Guns of the legends Collection

  • If you search on Spearboard then you will find a "supercharging" lever rollergun there built from scratch, but with a more modern handle. The French Hurricane company also made a pistol grip version of the same gun a little later. The important thing is to swing the lever with the bands not under a lot of initial tension as otherwise the lever is too hard to pull back. Also when going over the center like a toggle action the lever can snap downwards like a rat trap closing, so watch out. An experimental rollergun based on the supercharging lever idea before this French gun was discovered (many ideas in spearfishing unwittingly get reinvented) nearly chopped the operator's fingers off, so caution is needed with more modern high modulus bands.

  • I cannot remember if this "Fusil Americain" rollergun has been posted here before, but this canon uses rubber band power to drive an impeller unit that slides in a top slotted barrel.

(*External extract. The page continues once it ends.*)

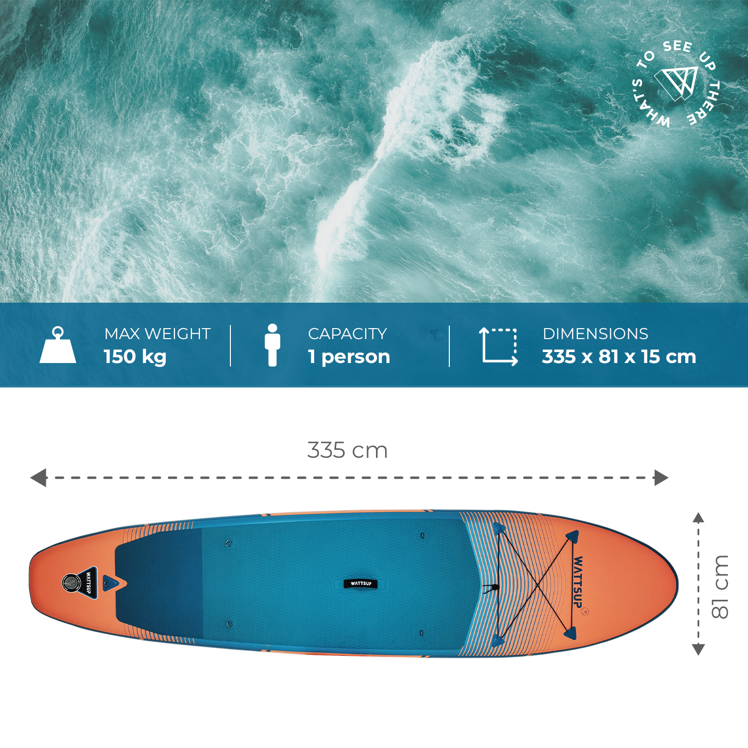 WattSUP F11 är en uppblåsbar SUP designad för stabilitet, glid och mångsidighet. Med sina 335 cm i längd är den perfekt för längre turer, lugn paddling och lättare vågor. Passar både nybörjare och mer erfarna paddlare.

The gun has four shooting powers and a supercharging lever and can be used as both a rear handle gun and a mid-handle gun. Based on two spring gun handles this gun was a product of the "USA" company based in France which made many models of spring guns. Alexandre Kramarenko and Charles Henry Wilen formed that company when in 1937 they made the first ever spring gun, and in the patent records the first ever underwater speargun. This gun was heavy and expensive and the one shown here was given to Jack Prodanovich for his consideration and appraisal, but Jack never used it as he thought it was overly complicated and rather cumbersome. Of course Jack made his own line of spearguns in his workshop that are also collector's items and they were a better proposition for spearfishing than this gadget was. Still it is an impressive gun and demonstrates the inventiveness of the first generation of spearfishermen.



    Checking back I showed the patent drawings here, but not the photo of the gun as it was still locked up in my old computer.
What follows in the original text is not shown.